START DATA EXTRACT

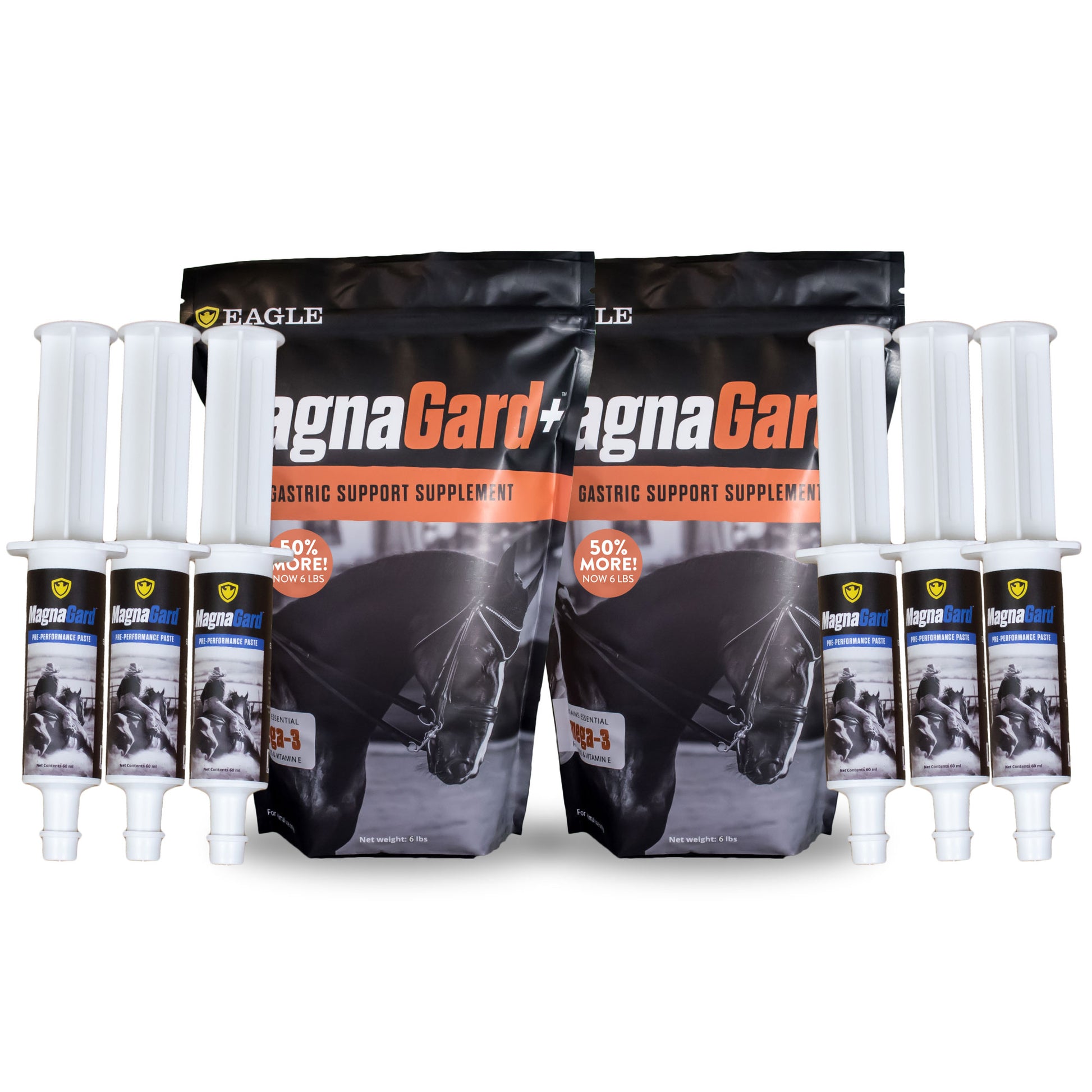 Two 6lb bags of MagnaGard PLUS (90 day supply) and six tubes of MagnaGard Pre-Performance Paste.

END DATA EXTRACT
START DATA EXTRACT

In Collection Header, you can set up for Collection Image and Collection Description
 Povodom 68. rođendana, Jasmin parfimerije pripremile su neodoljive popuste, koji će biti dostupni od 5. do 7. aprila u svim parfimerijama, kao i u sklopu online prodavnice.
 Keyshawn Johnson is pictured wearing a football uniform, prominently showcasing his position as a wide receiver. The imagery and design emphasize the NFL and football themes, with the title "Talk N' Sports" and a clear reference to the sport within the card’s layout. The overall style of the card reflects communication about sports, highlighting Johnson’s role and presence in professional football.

END DATA EXTRACT

PROMPT:
Everything above from the line containing "In Collection Header, you" down to the line containing "Povodom 68. rođendana, Jasmin" should be copied exactly, both end lines included, and nothing else.

EXERCISE RESPONSE:
In Collection Header, you can set up for Collection Image and Collection Description
 Povodom 68. rođendana, Jasmin parfimerije pripremile su neodoljive popuste, koji će biti dostupni od 5. do 7. aprila u svim parfimerijama, kao i u sklopu online prodavnice.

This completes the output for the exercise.